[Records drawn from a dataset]
● ● ● ● ● ● ●
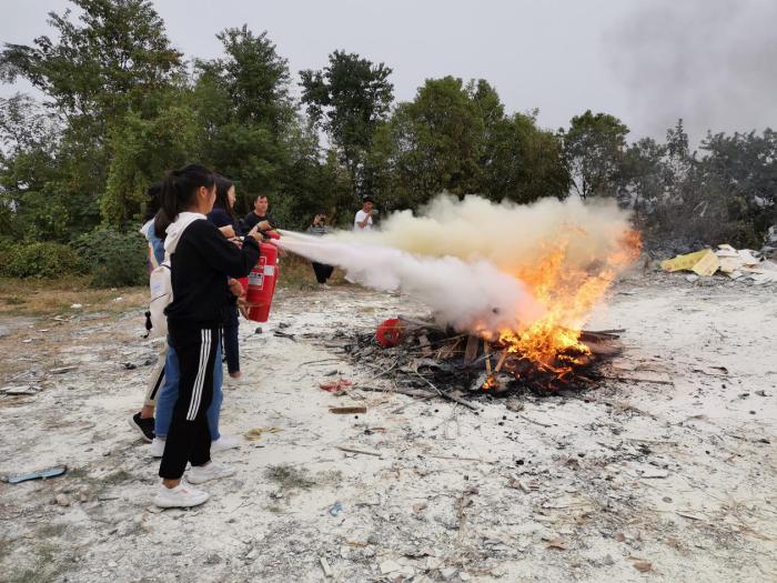 在使用灭火器进行演练时,由8位同学组成一队共同完成灭火。在灭火过程中每位同学都认真操作着路老师所说的方法,而其他同学则在安静的等待和认真观看并学习如何顺利灭火。
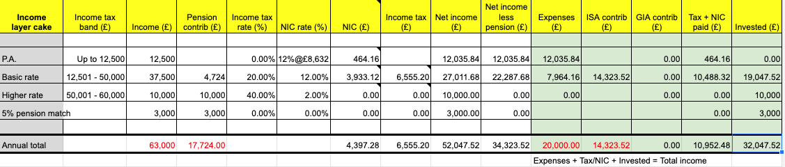 Here’s The Agglomerator’s income layer cake showing how much he will contribute to his pension and ISA, after expenses and tax. (Please click on the picture to see the detail.)
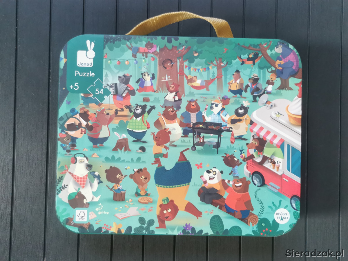 Zestaw puzzli w walizce Rodzina misiów francuskiej marki JANOD składa się z 54 elementów, po ułożeniu tworzących piękny, bogaty w szczegóły obrazek, przedstawiający rodzinny piknik licznej gromady niedźwiedzi.
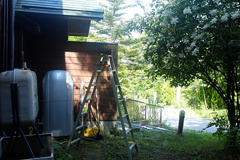 玄関のコンクリートが汚れる原因が分かった。垂木のタールが,夏になると溶けて表面に染みだす。宅配の人がそれを知らずに踏んでしまっていたというわけだ。さて,どう対策するか…。
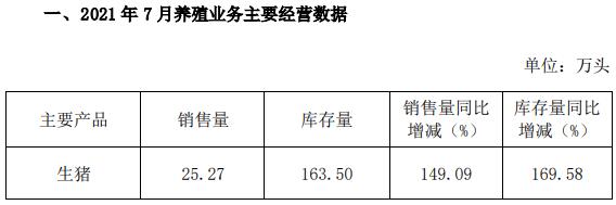 2021年7月,公司生豬銷售量25.27萬(wàn)頭,銷售量環(huán)比增長(zhǎng)12.92%,同比增長(zhǎng)149.09%。
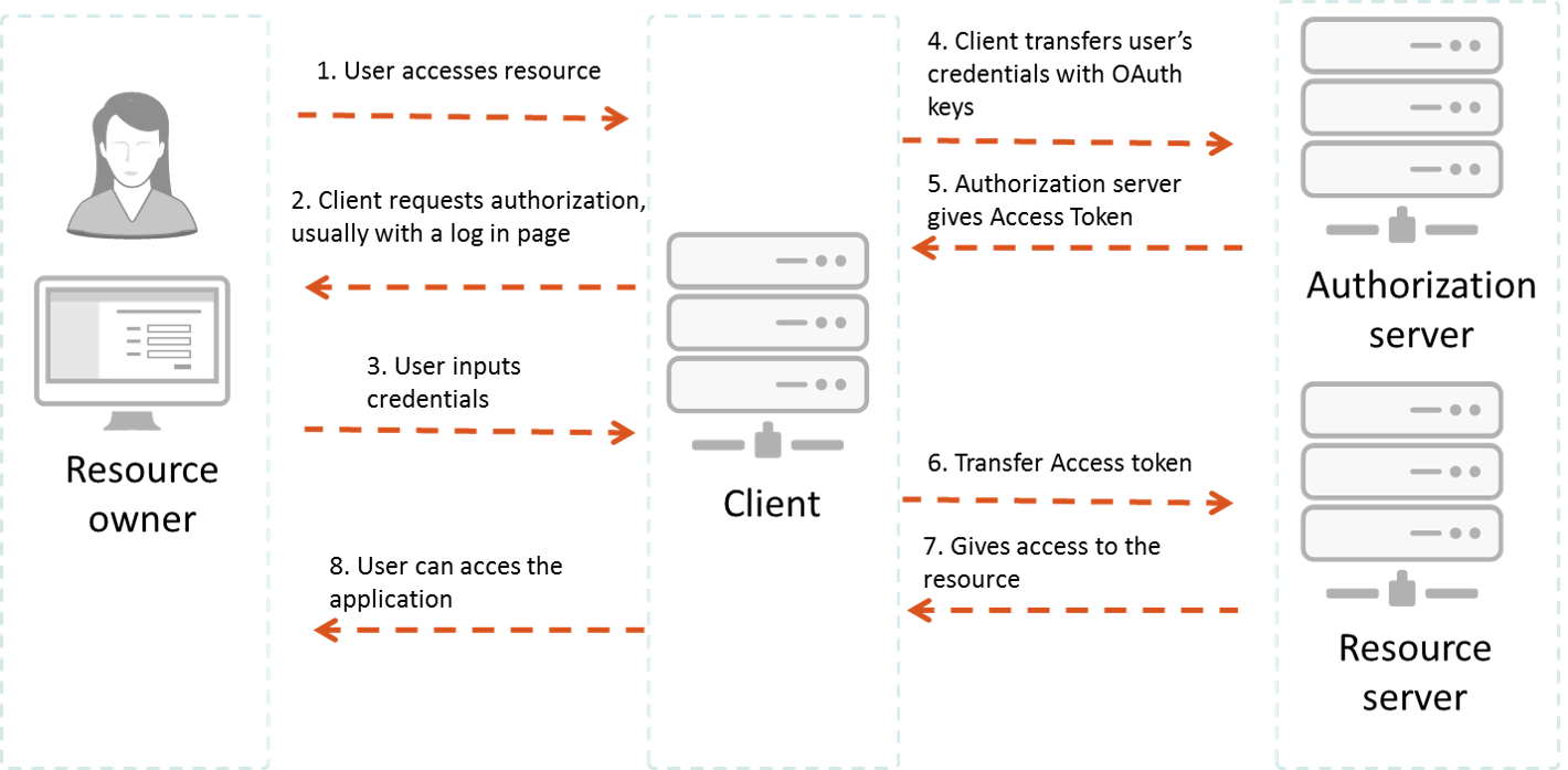 - Client: Additional application that wants to access the user account in the authorization server (resource server does not talk directly with the authorization server - security reasons)
● ● ● ● ● ● ●
■ What the exercise asks:
Please give an exact printout of all the records, pictures aside.

■ Result:
 在使用灭火器进行演练时,由8位同学组成一队共同完成灭火。在灭火过程中每位同学都认真操作着路老师所说的方法,而其他同学则在安静的等待和认真观看并学习如何顺利灭火。
 Here’s The Agglomerator’s income layer cake showing how much he will contribute to his pension and ISA, after expenses and tax. (Please click on the picture to see the detail.)
 Zestaw puzzli w walizce Rodzina misiów francuskiej marki JANOD składa się z 54 elementów, po ułożeniu tworzących piękny, bogaty w szczegóły obrazek, przedstawiający rodzinny piknik licznej gromady niedźwiedzi.
 玄関のコンクリートが汚れる原因が分かった。垂木のタールが,夏になると溶けて表面に染みだす。宅配の人がそれを知らずに踏んでしまっていたというわけだ。さて,どう対策するか…。
 2021年7月,公司生豬銷售量25.27萬(wàn)頭,銷售量環(huán)比增長(zhǎng)12.92%,同比增長(zhǎng)149.09%。
 - Client: Additional application that wants to access the user account in the authorization server (resource server does not talk directly with the authorization server - security reasons)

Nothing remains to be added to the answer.